Both protagonists, Harry Potter and Mash Burnedead, enroll in a magic school where they must deal with being outsiders while also being under the benevolent watch of the school’s wise, old leader. However, whereas Harry Potter at the start is simply inexperienced with wizardry but has potential for greatness, Mash is completely incapable of magic. In order to get through his classes and achieve his goal of becoming Divine Visionary (a motivation from the beginning unlike Harry’s initial uncertainty), Mash has to overcome his disadvantage through sheer physical power.
The contest between Mash’s muscles and the occult abilities he contends with is generally played for laughs, but there’s another layer to that contrast. Sure, it’s funny to see his “magic” be activating different muscle groups and his “spells” amount to suplexes and punches to the face. Yet, because he is doing this purely through his human physiology, his victories over other students both read differently from Harry’s accomplishments and are received differently by the very mages he bests. By beating them without magic, Mash makes his opponents realize on some level that they are themselves victims—because they get drawn into the incessant and blinding obsession with hierarchy and power. The problem is not exclusive to any specific group of rogue ne’er-do-wells, it’s systemic.
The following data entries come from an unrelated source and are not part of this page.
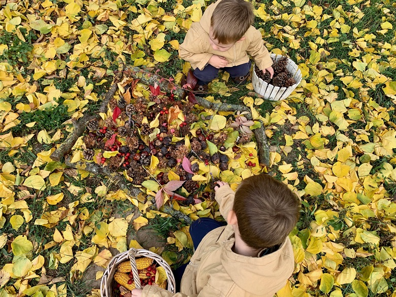Az év során igyekszem az évszakoknak, az ünnepeinknek megfelelően témát, alapanyagot kínálni. A legizgalmasabb „feladatok” a bölcsődében ősszel, a színes levelekből varázspálca készítés, a gesztenye fűzés, és a termés válogatás volt a gyerekek számára.
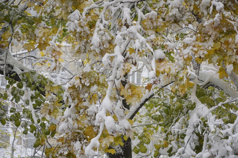 Древесные ветви с желто-зелеными осенними листьями, покрытые свежим белым снегом
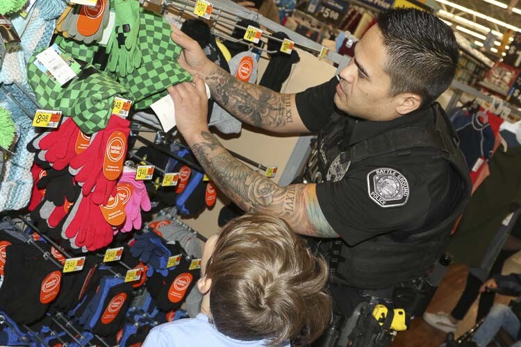 On Saturday (Dec. 9), 14 of Battle Ground’s finest had the pleasure of accompanying 20 local children on a shopping spree as they bought gifts for their loved ones and items for themselves. Participating children were nominated by staff from Battle Ground Public Schools and by members of the police department.
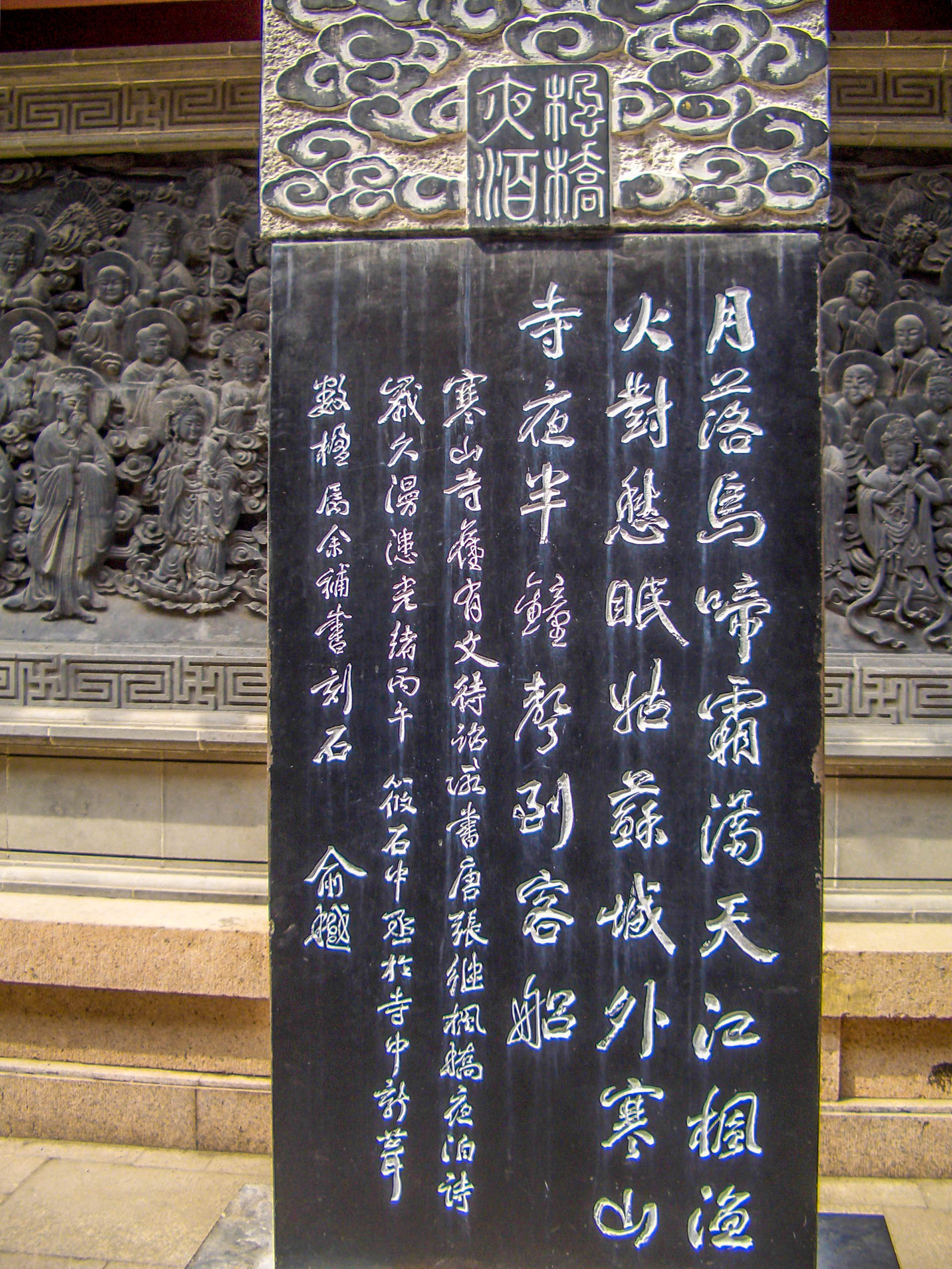 因为张继的诗,寒山寺里外都是慕名前来的游人;因为张继的诗,寒山寺山门外那其实很一般的土黄色围墙,总是不断地被摄入镜头。寒山寺的围墙之所以受到特别的青睐,原因无他,就因为它是名闻遐迩的寒山寺——三个出自名家笔墨的大字书写,把那原本无异于一般的土黄墙面给突显而出,从而跟千古诗韵连成一气了。
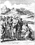 Description: The Canaanite woman asks Jesus to cast a demon from her daughter. Engraved by John Sturt (1658–1730).
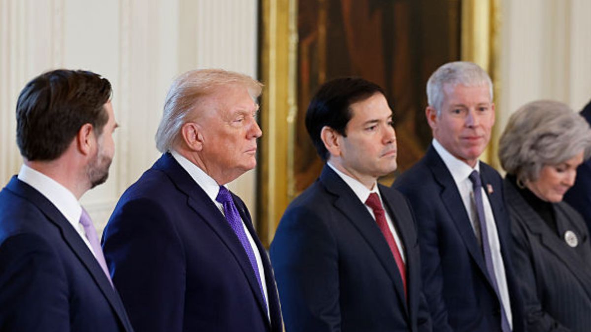 Vice President JD Vance stood to his right, and Secretary of State Marco Rubio stood to his left. Chief of staff Susie Wiles and Trump’s son-in-law and adviser Jared Kushner were also standing close by.
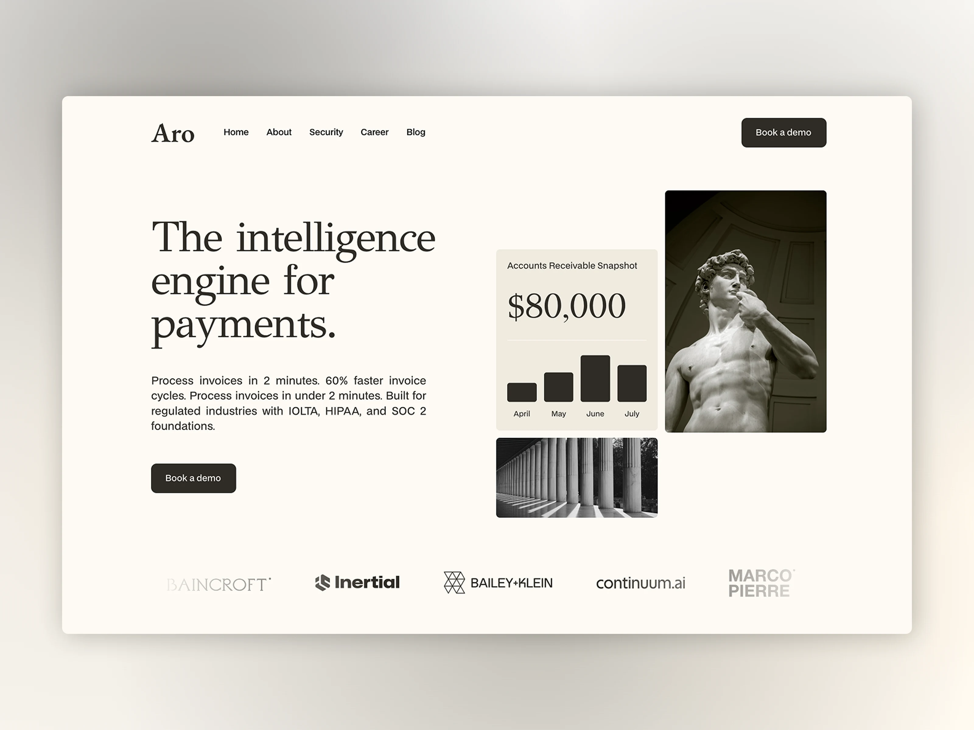 The objective was to create a digital presence that communicates structure, precision, and institutional trust — while clearly positioning Aro as an AI-native accounts payable and receivable solution.
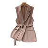 This women's vest is crafted from high-quality polyester, offering a soft, lightweight, and breathable feel that ensures comfort during spring and autumn. Featuring a solid color design with a light texture, it adds a fashionable touch to any outfit.
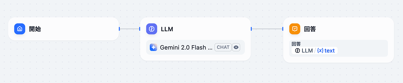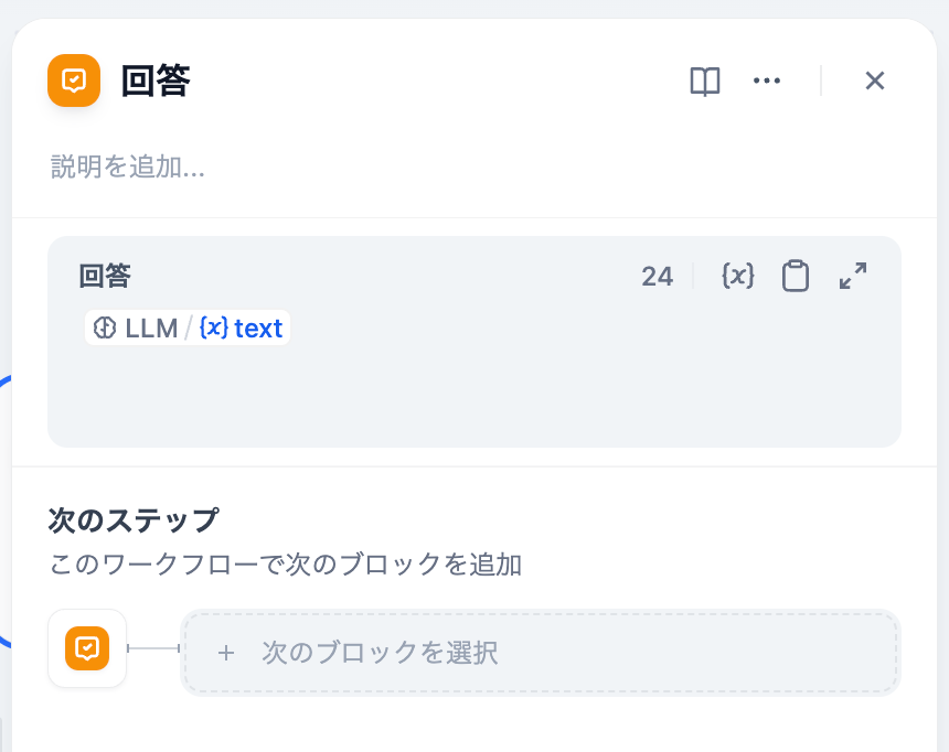 回答ブロックはLLMブロックに接続するとこのような内容になっているはずですので、そのままで大丈夫です。
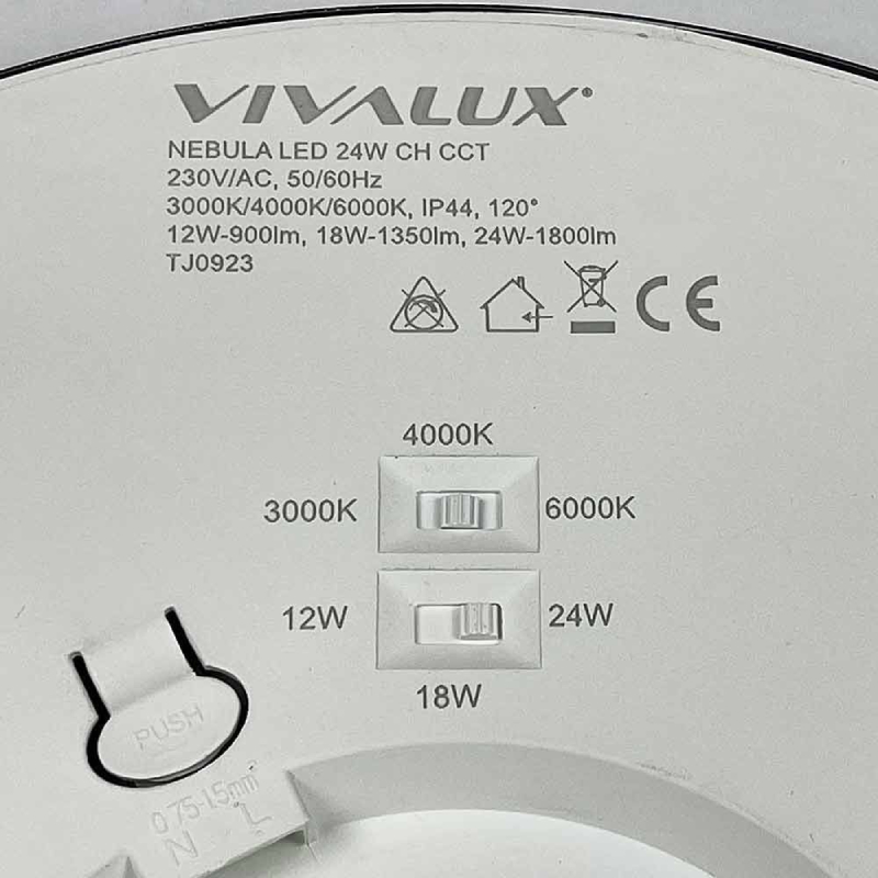 The modern LED ceiling lamp NEBULA from VIVALUX combines elegant design, adjustable power and variable color temperature, making it an extremely flexible choice for lighting any interior space. Thanks to the IP44 moisture protection, it is suitable for damp rooms such as bathrooms, kitchens and wet rooms.
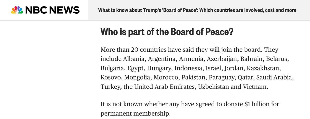 Також не виключено входження до ради Росії, особливо після того, як Трамп погодився на пропозицію Володимира Путіна сплатити внесок за рахунок заморожених у США російських активів. Цю тему ще обговорюватимуть сьогодні та завтра на переговорах в Абу-Дабі. Конкретні прогнози про їх результати робити поки що зарано: не виключено, що питання внеску ув'яжуть із переговорами про Україну, які просуваються важко.
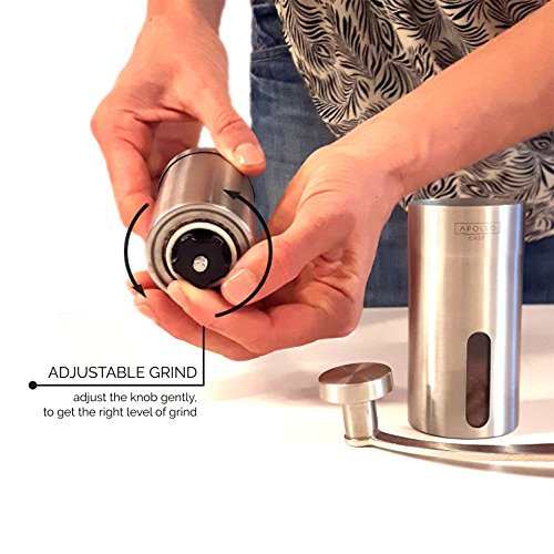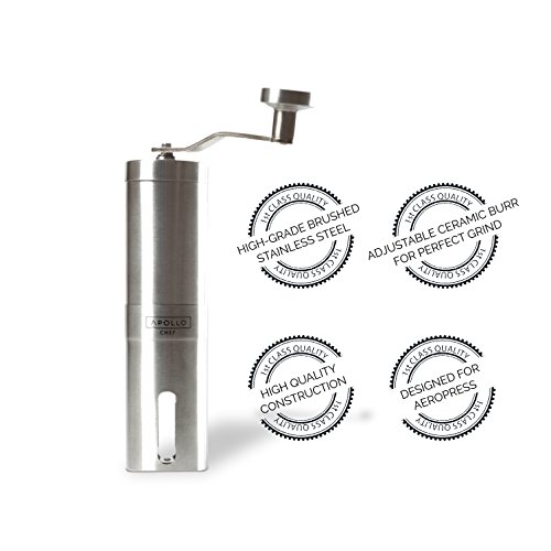 The Apollo Premium Manual Coffee Grinder was designed to put the perfect cup of coffee back in your life. The fast pace of modern life usually sees us grabbing a paper or styrofoam cupful of coffee on the run, but that's not what coffee was meant for. No, coffee should be
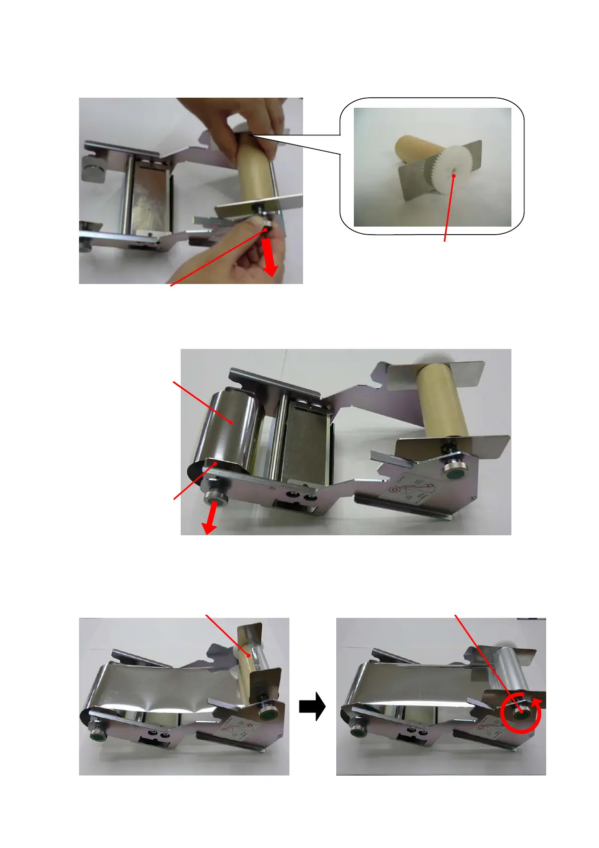 6. Insert the Tipper foil into the Unreel flange while pulling the knob in the direction of the arrow.

Mash himself is not a sharp mind capable of bold leadership. He’s from that Goku/Luffy/Saitama lineage where thinking is not their strong suit. He merely wants to live a comfortable life with his grandfather, but he’s forced to attempt the impossible and become the top of a magical school because his world despises the weak. Mash defies his society in multiple ways: upending what strength means, as well as rejecting the notion that those with less deserve less.
Around Chapter 65, the “Voldemort” of the series is revealed, as are Mash’s true origins. While not quite the same as the concept of horcruxes relative to Harry and Voldemort, Mash and the main villain share a similar connection. Mash turns out not to be the everyman he assumed himself to be, but that doesn’t change the fact that he uses his particular skills to upend people’s preconceived notions. The difference between Harry discovering the magic within and Mash working to overcome the magic he lacks remains stark.
That all said, it’s hard to think of Mashle as being in the same league as Harry Potter when it comes to the ability to capture people’s imaginations. It simply doesn’t have that sense of wonder that makes Harry Potter so enduring; instead, it goes for lots of comedy, absurdity, and the occasional cool fight. Spiritually, it’s cut from the same cloth as Kinnikuman and early Dragon Ball, during the kid Goku era. I have trouble seeing children running around pretending to be Mash because Mashle doesn’t really provide for that.
Mashle and Harry Potter both operate under the idea that the power of love is in a category of its own. But where Harry Potter’s is either abstract in its sentimentality or all too literal, Mashle’s manifests in a grandfather taught the value of human life, and a grandson who strives to live up to that ideal through both word and deed.